19th-century association football stadium in Luton, England

Dunstable Road, also known as Bury Park, was a football ground in Luton, England. It was the home ground of Luton Town between 1897 and 1905.

==History==
The ground was located between Dunstable Road and the now-closed railway line between Luton and Dunstable. Luton moved to the site in 1897 from their previous Dallow Lane ground, and Dunstable Road was officially opened on 3 April 1897 by the Duke of Bedford, who also donated £50 towards the £800 building costs. The match saw Luton beat Loughborough 3–0 in the United League. The ground initially consisted of a covered seated stand on the eastern touchline, a covered standing area on the western touchline and raised embankments around the rest of the pitch.

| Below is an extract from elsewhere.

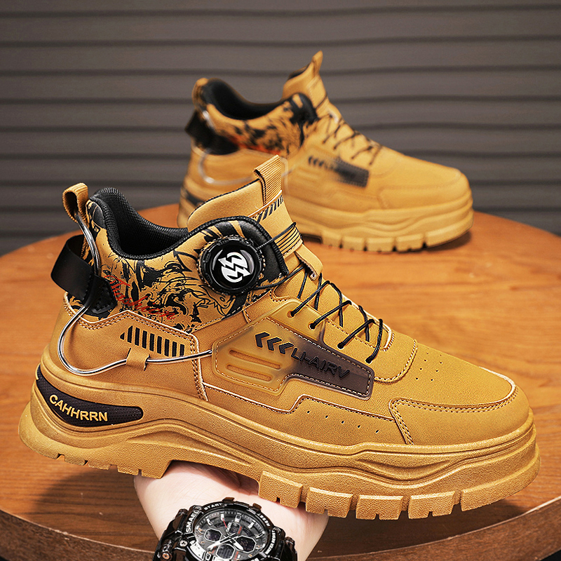 冬季 加绒靴子百搭高帮休闲皮鞋 男鞋 潮流男士 韩版 马丁靴男2025新款

After finishing as runners-up in the United League in the 1896–97 season, Luton were elected to the Second Division of the Football League. The first Football League match at the ground was played on 11 September 1897, with Luton beating Gainsborough Trinity 4–0. The highest league attendance was recorded later in the season, when 5,000 saw Luton beat Grimsby Town on 27 December 1897. However, by the 1899–1900 season attendances had fallen as low as 500. Luton finished second-bottom of the Second Division and chose not to stand for re-election, instead dropping into the Southern League for the following season. The final Football League match at the ground saw Luton lose 2–1 to Small Heath on 21 April 1900 in front of 1,000 spectators.

In 1905 the site was sold for housing, and the club moved to Kenilworth Road, around 200 metres away. The site is now a mix of residential and commercial developments.